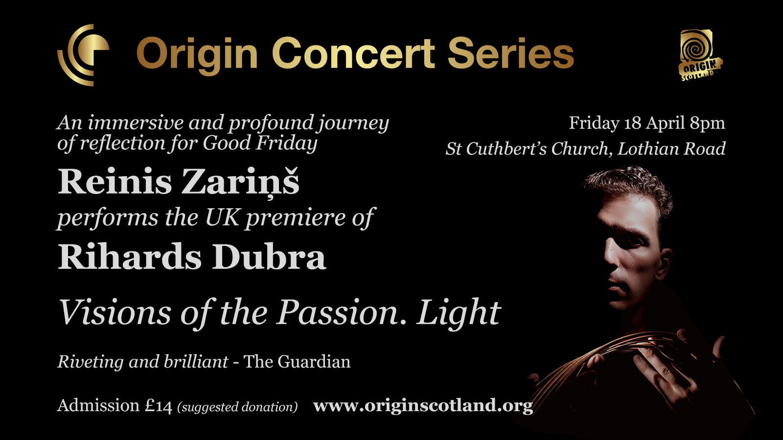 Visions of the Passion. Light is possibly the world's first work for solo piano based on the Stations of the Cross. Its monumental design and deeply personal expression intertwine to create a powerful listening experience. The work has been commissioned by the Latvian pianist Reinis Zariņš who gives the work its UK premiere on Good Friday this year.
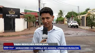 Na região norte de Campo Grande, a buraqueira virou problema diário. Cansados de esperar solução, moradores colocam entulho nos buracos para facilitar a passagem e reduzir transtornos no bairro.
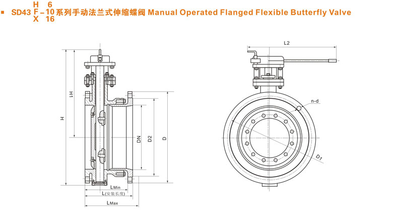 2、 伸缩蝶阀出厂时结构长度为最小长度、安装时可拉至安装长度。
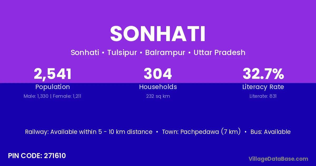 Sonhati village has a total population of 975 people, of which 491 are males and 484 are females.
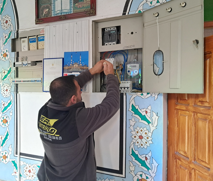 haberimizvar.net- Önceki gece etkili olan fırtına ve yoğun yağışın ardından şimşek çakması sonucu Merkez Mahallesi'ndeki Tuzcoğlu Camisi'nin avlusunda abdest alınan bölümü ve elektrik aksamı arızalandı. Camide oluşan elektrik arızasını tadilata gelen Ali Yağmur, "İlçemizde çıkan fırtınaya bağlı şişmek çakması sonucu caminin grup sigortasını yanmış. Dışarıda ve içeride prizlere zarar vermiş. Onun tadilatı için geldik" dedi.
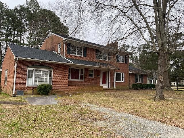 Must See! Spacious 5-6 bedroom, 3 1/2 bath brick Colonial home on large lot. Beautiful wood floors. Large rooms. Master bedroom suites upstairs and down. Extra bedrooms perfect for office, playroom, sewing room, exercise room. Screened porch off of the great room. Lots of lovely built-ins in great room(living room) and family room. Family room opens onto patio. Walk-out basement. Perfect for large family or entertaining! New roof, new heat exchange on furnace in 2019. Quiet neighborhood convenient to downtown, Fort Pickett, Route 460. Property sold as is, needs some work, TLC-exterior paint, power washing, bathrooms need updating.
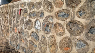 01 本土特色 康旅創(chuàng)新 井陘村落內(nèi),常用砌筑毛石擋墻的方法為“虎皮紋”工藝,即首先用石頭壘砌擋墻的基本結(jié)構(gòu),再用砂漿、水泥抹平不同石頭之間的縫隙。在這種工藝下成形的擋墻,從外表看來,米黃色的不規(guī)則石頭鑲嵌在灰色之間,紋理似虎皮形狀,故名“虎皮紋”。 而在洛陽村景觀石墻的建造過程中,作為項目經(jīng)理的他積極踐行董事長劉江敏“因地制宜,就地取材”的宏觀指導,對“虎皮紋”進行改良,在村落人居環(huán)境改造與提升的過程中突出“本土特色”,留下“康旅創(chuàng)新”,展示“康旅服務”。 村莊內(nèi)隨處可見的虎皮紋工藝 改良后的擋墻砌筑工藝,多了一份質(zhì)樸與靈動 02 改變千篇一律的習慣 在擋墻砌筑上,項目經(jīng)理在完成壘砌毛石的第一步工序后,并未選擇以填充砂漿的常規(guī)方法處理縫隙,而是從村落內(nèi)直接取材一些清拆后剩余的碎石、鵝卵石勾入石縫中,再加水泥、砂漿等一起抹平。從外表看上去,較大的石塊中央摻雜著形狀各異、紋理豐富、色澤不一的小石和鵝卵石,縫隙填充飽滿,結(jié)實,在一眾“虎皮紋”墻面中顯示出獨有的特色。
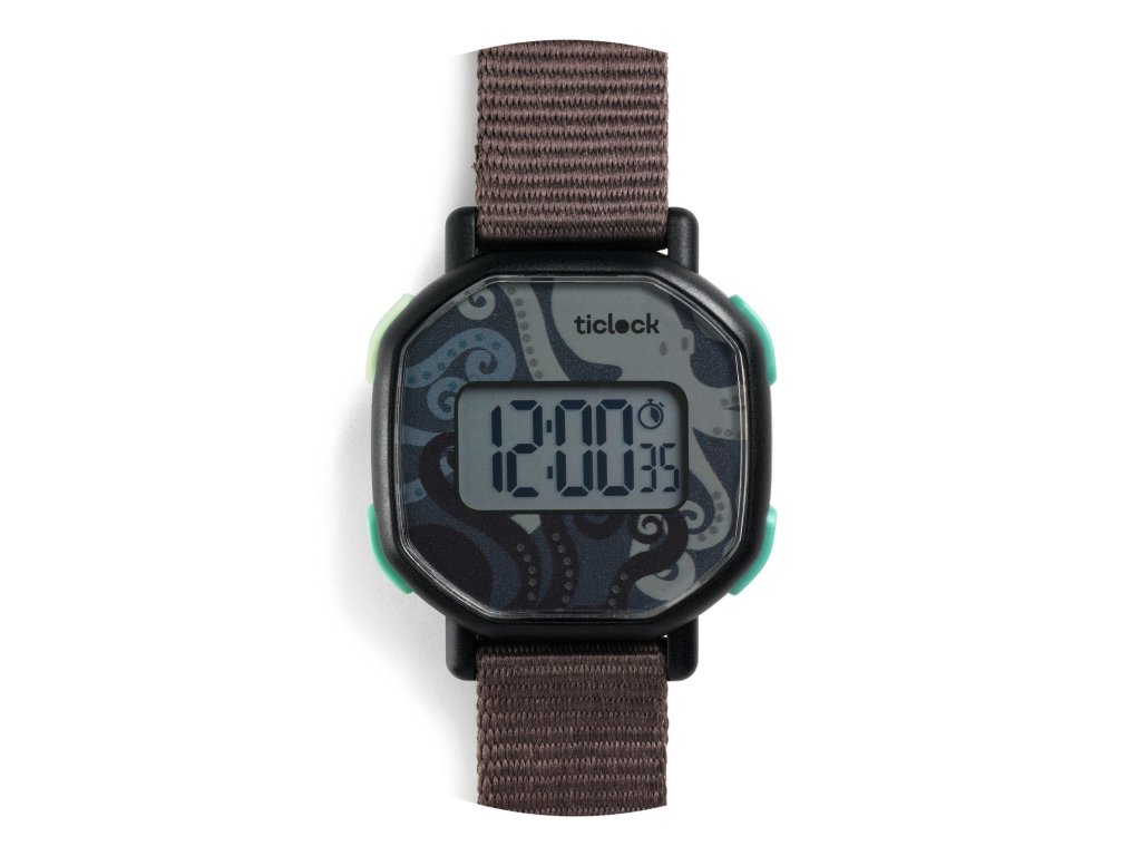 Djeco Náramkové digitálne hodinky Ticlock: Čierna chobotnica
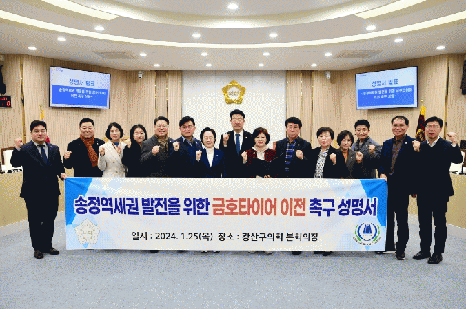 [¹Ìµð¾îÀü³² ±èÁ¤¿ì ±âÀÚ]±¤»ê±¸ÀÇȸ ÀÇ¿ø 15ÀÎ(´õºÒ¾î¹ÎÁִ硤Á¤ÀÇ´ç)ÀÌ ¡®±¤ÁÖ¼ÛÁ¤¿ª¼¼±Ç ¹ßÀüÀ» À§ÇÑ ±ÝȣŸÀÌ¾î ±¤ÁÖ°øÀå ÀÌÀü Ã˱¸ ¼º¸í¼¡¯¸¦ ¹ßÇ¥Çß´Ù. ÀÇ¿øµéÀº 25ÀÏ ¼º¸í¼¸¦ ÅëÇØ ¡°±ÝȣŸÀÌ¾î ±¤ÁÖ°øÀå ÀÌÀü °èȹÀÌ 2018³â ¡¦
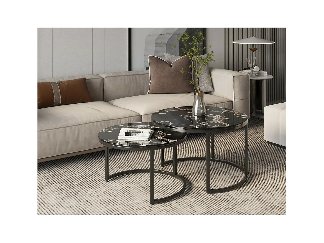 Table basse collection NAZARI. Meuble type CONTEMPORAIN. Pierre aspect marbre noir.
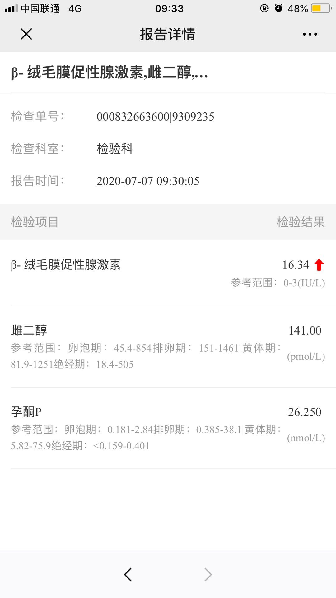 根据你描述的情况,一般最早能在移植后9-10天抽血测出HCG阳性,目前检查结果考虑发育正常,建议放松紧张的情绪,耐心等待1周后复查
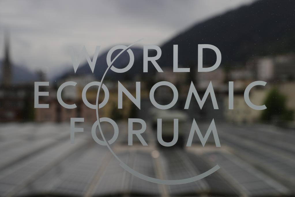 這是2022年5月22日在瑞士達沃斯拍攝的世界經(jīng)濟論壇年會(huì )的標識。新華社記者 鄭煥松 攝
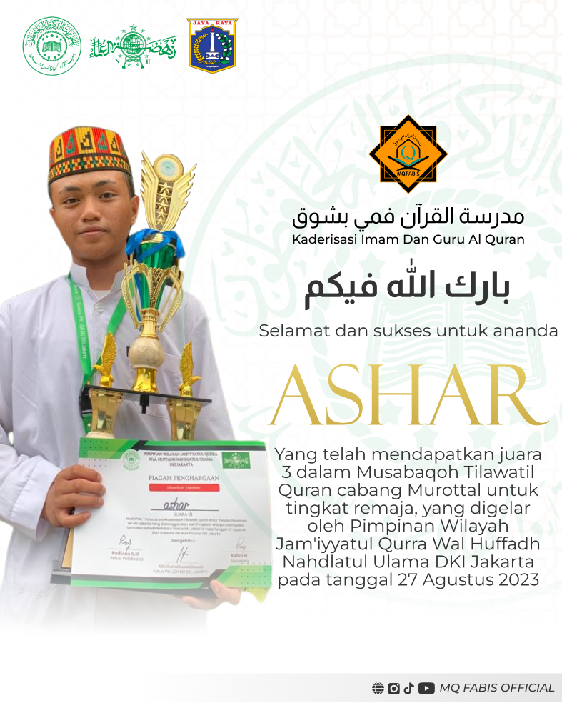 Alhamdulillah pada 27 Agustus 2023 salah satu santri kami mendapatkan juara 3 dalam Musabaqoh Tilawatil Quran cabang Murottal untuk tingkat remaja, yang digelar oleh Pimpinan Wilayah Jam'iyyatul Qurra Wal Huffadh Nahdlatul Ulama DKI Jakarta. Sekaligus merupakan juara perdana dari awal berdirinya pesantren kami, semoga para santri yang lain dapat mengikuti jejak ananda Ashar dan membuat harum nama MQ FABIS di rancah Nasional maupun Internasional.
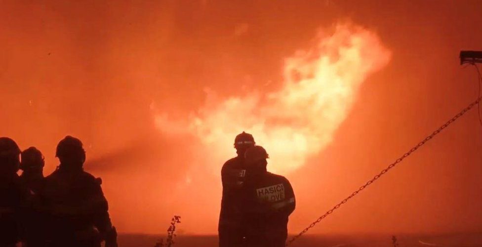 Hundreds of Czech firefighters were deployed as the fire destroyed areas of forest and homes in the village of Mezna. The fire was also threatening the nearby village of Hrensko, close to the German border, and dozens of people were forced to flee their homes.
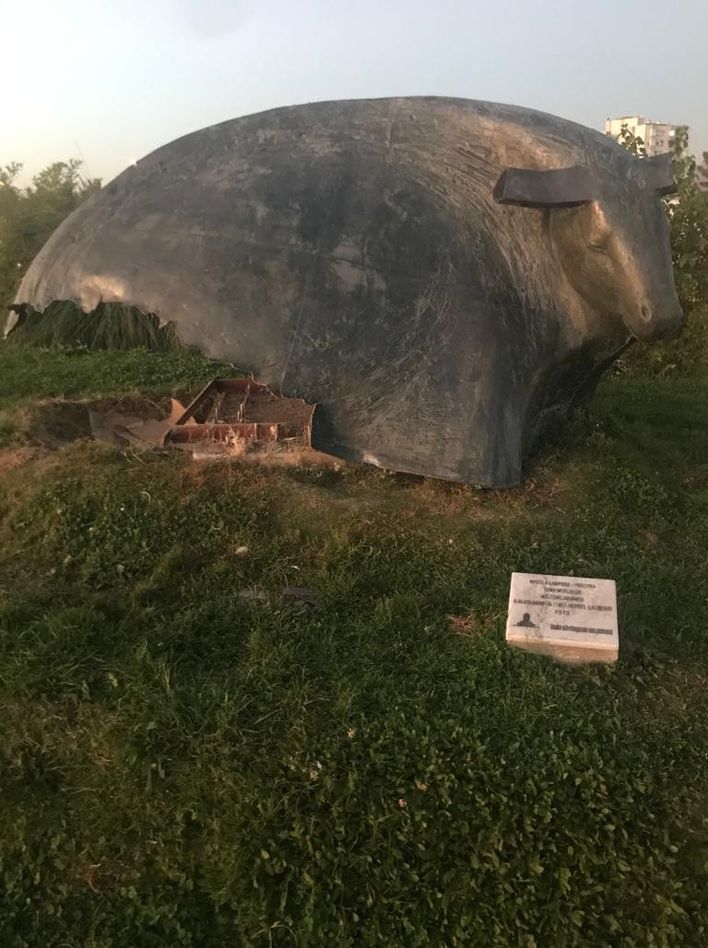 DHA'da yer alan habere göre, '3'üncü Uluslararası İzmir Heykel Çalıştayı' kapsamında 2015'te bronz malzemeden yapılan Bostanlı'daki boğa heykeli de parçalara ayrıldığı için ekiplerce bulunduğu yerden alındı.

* **Task description**
The reply should hold the lines from the top of the records through the line containing "村莊內(nèi)隨處可見的虎皮紋工藝 改良后的擋墻砌筑工藝,多了一份質(zhì)樸與靈動 02", reproduced exactly, and no pictures.

* **Solution**
 Visions of the Passion. Light is possibly the world's first work for solo piano based on the Stations of the Cross. Its monumental design and deeply personal expression intertwine to create a powerful listening experience. The work has been commissioned by the Latvian pianist Reinis Zariņš who gives the work its UK premiere on Good Friday this year.
 Na região norte de Campo Grande, a buraqueira virou problema diário. Cansados de esperar solução, moradores colocam entulho nos buracos para facilitar a passagem e reduzir transtornos no bairro.
 2、 伸缩蝶阀出厂时结构长度为最小长度、安装时可拉至安装长度。
 Sonhati village has a total population of 975 people, of which 491 are males and 484 are females.
 haberimizvar.net- Önceki gece etkili olan fırtına ve yoğun yağışın ardından şimşek çakması sonucu Merkez Mahallesi'ndeki Tuzcoğlu Camisi'nin avlusunda abdest alınan bölümü ve elektrik aksamı arızalandı. Camide oluşan elektrik arızasını tadilata gelen Ali Yağmur, "İlçemizde çıkan fırtınaya bağlı şişmek çakması sonucu caminin grup sigortasını yanmış. Dışarıda ve içeride prizlere zarar vermiş. Onun tadilatı için geldik" dedi.
 Must See! Spacious 5-6 bedroom, 3 1/2 bath brick Colonial home on large lot. Beautiful wood floors. Large rooms. Master bedroom suites upstairs and down. Extra bedrooms perfect for office, playroom, sewing room, exercise room. Screened porch off of the great room. Lots of lovely built-ins in great room(living room) and family room. Family room opens onto patio. Walk-out basement. Perfect for large family or entertaining! New roof, new heat exchange on furnace in 2019. Quiet neighborhood convenient to downtown, Fort Pickett, Route 460. Property sold as is, needs some work, TLC-exterior paint, power washing, bathrooms need updating.
 01 本土特色 康旅創(chuàng)新 井陘村落內(nèi),常用砌筑毛石擋墻的方法為“虎皮紋”工藝,即首先用石頭壘砌擋墻的基本結(jié)構(gòu),再用砂漿、水泥抹平不同石頭之間的縫隙。在這種工藝下成形的擋墻,從外表看來,米黃色的不規(guī)則石頭鑲嵌在灰色之間,紋理似虎皮形狀,故名“虎皮紋”。 而在洛陽村景觀石墻的建造過程中,作為項目經(jīng)理的他積極踐行董事長劉江敏“因地制宜,就地取材”的宏觀指導,對“虎皮紋”進行改良,在村落人居環(huán)境改造與提升的過程中突出“本土特色”,留下“康旅創(chuàng)新”,展示“康旅服務”。 村莊內(nèi)隨處可見的虎皮紋工藝 改良后的擋墻砌筑工藝,多了一份質(zhì)樸與靈動 02 改變千篇一律的習慣 在擋墻砌筑上,項目經(jīng)理在完成壘砌毛石的第一步工序后,并未選擇以填充砂漿的常規(guī)方法處理縫隙,而是從村落內(nèi)直接取材一些清拆后剩余的碎石、鵝卵石勾入石縫中,再加水泥、砂漿等一起抹平。從外表看上去,較大的石塊中央摻雜著形狀各異、紋理豐富、色澤不一的小石和鵝卵石,縫隙填充飽滿,結(jié)實,在一眾“虎皮紋”墻面中顯示出獨有的特色。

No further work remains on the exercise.